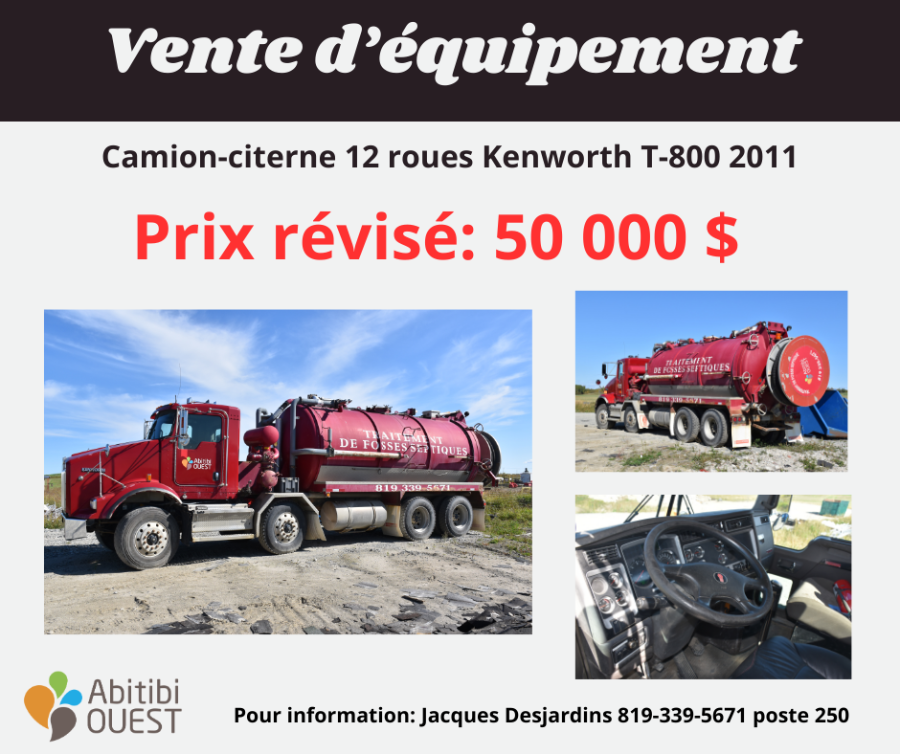 La Municipalité régionale de comté (MRC) d’Abitibi-Ouest annonce la vente du camion-citerne 12 roues Kenworth T-800 2011.
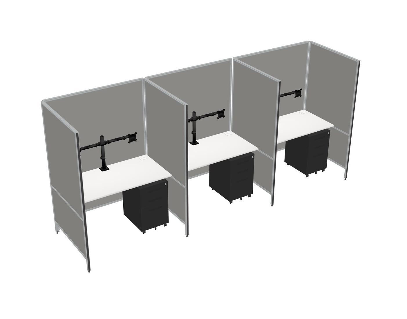 White Flexible Panel System For 3 + Metal Mobile Drawers + Monitor Arm (double Arms)
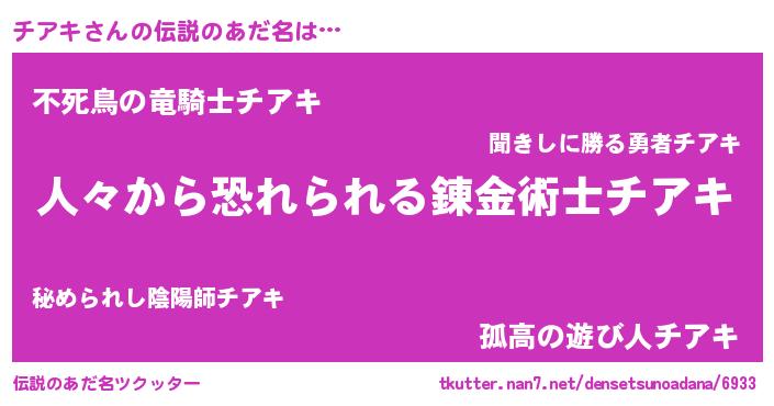 | 意味不明あだ名 | 『住所不定無職チアキ(85歳)』 |
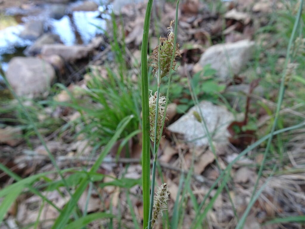 És una herba perenne de 20-60 cm, rizomatosa, glauca i amb les tiges trígones i les beines inferiors enteres. Les fulles, de 3-6 mm d’amplada, són més curtes que les tiges. La inflorescència té 2-3 espigues masculines i 2-4 de femenines. La bràctea inferior és foliàcia i sovint ultrapassa la inflorescència. Les glumes masculines són ovades, agudes o mucronades, brunenques i amb el nervi mitjà verdós; les femenines són lanceolades o bé ovades i apiculades i brunenques. Té 3 estigmes i utricles de 2-4 mm amb un bec curtíssim.
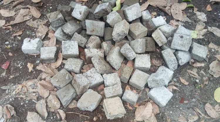 Kami melihat juga ada bangunan jalan Paving Block yang tidak jelas ukuranya dengan menggunakan paving Block yang tidak bermutu atau tidak sesuai SNI, karena terlihat retak dan patah.

+++

BRIEF
From the line that contains "White Flexible Panel" to the final line of the entries, reproduce every line exactly, both ends included. Leave out all pictures.

EXERCISE OUTPUT
 White Flexible Panel System For 3 + Metal Mobile Drawers + Monitor Arm (double Arms)
 | 意味不明あだ名 | 『住所不定無職チアキ(85歳)』 |
 És una herba perenne de 20-60 cm, rizomatosa, glauca i amb les tiges trígones i les beines inferiors enteres. Les fulles, de 3-6 mm d’amplada, són més curtes que les tiges. La inflorescència té 2-3 espigues masculines i 2-4 de femenines. La bràctea inferior és foliàcia i sovint ultrapassa la inflorescència. Les glumes masculines són ovades, agudes o mucronades, brunenques i amb el nervi mitjà verdós; les femenines són lanceolades o bé ovades i apiculades i brunenques. Té 3 estigmes i utricles de 2-4 mm amb un bec curtíssim.
 Kami melihat juga ada bangunan jalan Paving Block yang tidak jelas ukuranya dengan menggunakan paving Block yang tidak bermutu atau tidak sesuai SNI, karena terlihat retak dan patah.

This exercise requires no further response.